Purpose of the Study:

  • To develop and evaluate a visual object detection and localization workflow for accurate 6D pose estimation of challenging objects.
  • To integrate this workflow into a mobile robotic platform for real-world industrial applications, specifically car door assembly.
  • To assess the performance of a learning-based method trained on diverse datasets under realistic industrial conditions.

Main Methods:

  • A visual object detection and localization workflow was developed and integrated into a mobile robotic platform using ROS.
  • A learning-based method was trained to extract object pose from single image frames.
  • Two datasets were collected and annotated: one in a lab and one in an industrial environment.
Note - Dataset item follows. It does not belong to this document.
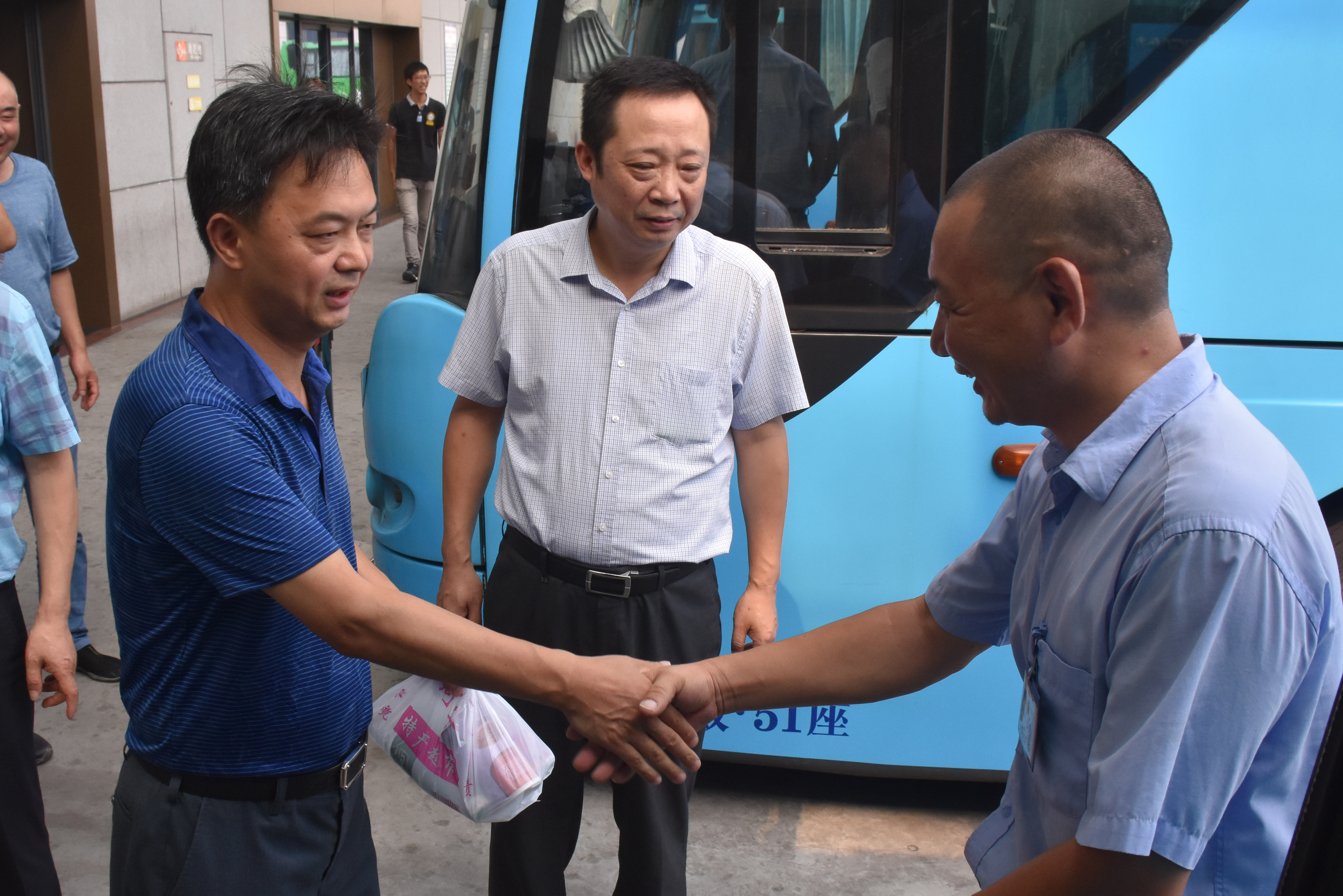 凌董事長一行對西部樞紐揚(yáng)州站的候車廳、安檢口、換乘中心等部位進(jìn)行巡視。發(fā)車場上,午后的驕陽下,一輛輛大客車整裝待發(fā),發(fā)動(dòng)機(jī)艙里涌出陣陣熱浪,凌董事長逐一給駕駛員送上防暑降溫用品,并一再叮囑要注意夏季“三防”,確保行車安全。隨后,董事長一行來到西部樞紐公交場站進(jìn)行慰問。

Models were trained individually and combined, then tested in the industrial setting.

Main Results:

  • The developed workflow demonstrated potential for 6D pose estimation of challenging objects in industrial environments.
  • Models trained on combined lab and industrial datasets showed promising performance in test sequences from the actual manufacturing setting.
  • Qualitative and quantitative results confirmed the method's effectiveness for relevant industrial applications.

Conclusions:

  • The presented robotic workflow offers a viable solution for 6D object pose estimation in challenging industrial scenarios.
  • The approach shows promise for enhancing human-robot collaboration in manufacturing tasks like car door assembly.
  • Further development and deployment of this system can improve automation and efficiency in industrial robotics.